SUPPLIED RECORDS »
.....

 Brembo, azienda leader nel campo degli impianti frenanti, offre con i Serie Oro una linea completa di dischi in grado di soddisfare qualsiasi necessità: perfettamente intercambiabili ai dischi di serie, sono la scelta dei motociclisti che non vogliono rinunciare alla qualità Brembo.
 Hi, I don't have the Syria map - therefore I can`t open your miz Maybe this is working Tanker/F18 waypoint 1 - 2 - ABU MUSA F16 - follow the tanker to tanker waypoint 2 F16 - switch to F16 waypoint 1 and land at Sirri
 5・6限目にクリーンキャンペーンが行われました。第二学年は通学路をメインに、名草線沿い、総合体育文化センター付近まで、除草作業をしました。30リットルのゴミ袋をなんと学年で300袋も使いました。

.....

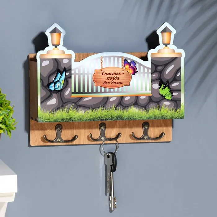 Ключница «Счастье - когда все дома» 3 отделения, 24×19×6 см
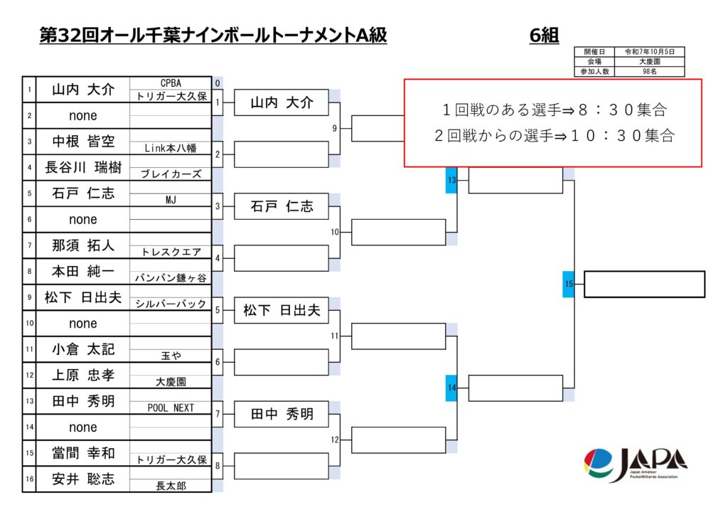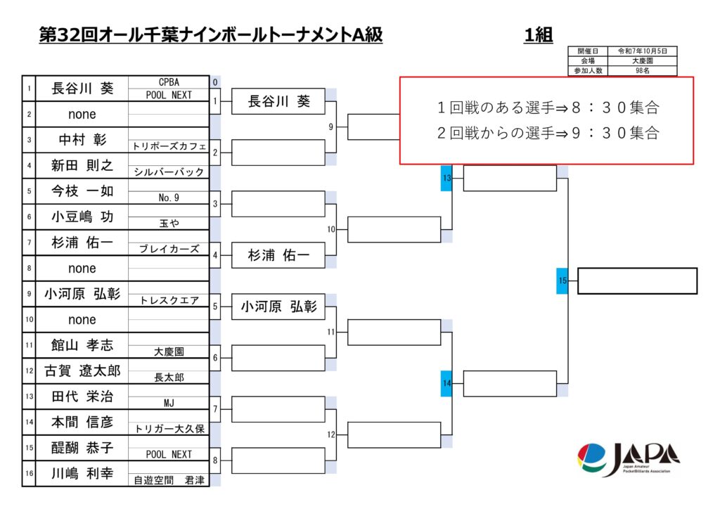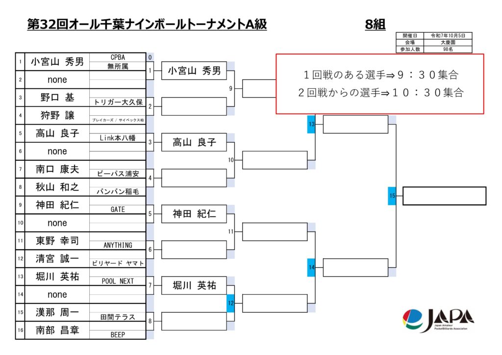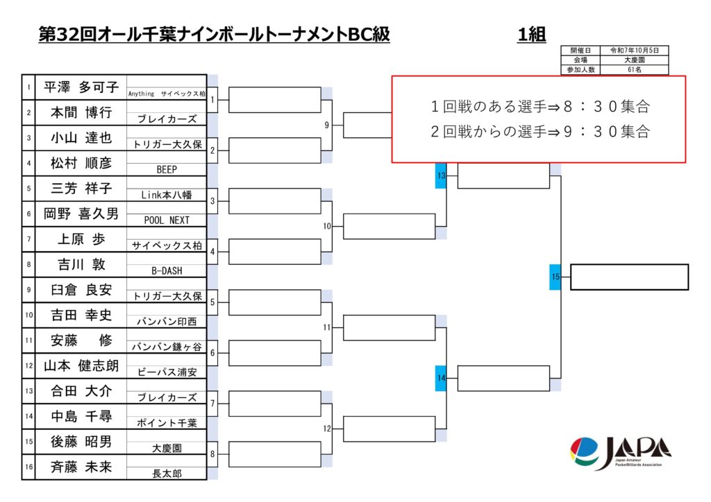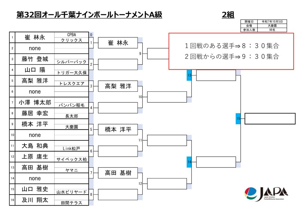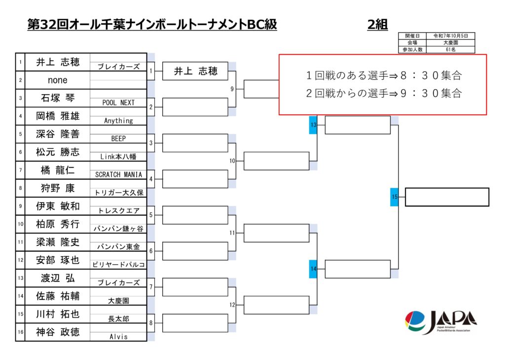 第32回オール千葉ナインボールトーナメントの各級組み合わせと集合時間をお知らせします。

.....

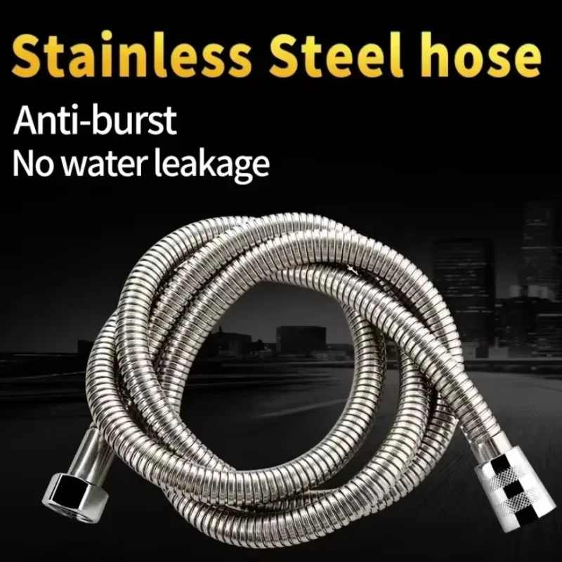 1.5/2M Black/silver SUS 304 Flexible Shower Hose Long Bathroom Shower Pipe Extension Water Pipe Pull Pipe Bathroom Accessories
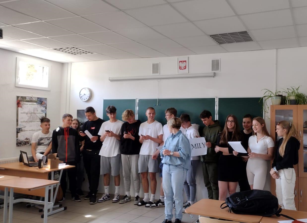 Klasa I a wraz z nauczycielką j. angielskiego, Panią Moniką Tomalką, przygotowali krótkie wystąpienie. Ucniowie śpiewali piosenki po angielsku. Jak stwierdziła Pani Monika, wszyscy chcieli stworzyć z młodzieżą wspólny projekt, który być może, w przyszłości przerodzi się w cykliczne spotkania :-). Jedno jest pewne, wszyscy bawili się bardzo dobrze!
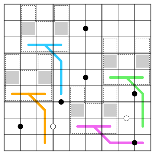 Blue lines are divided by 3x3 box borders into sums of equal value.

.....

PROBLEM »
Within these entries, output exactly the lines starting at the one with "отделения, 24×19×6 см" and finishing at the one with "第32回オール千葉ナインボー". Leave pictures out of the output.

RESPONSE BOX »
 Ключница «Счастье - когда все дома» 3 отделения, 24×19×6 см
 第32回オール千葉ナインボールトーナメントの各級組み合わせと集合時間をお知らせします。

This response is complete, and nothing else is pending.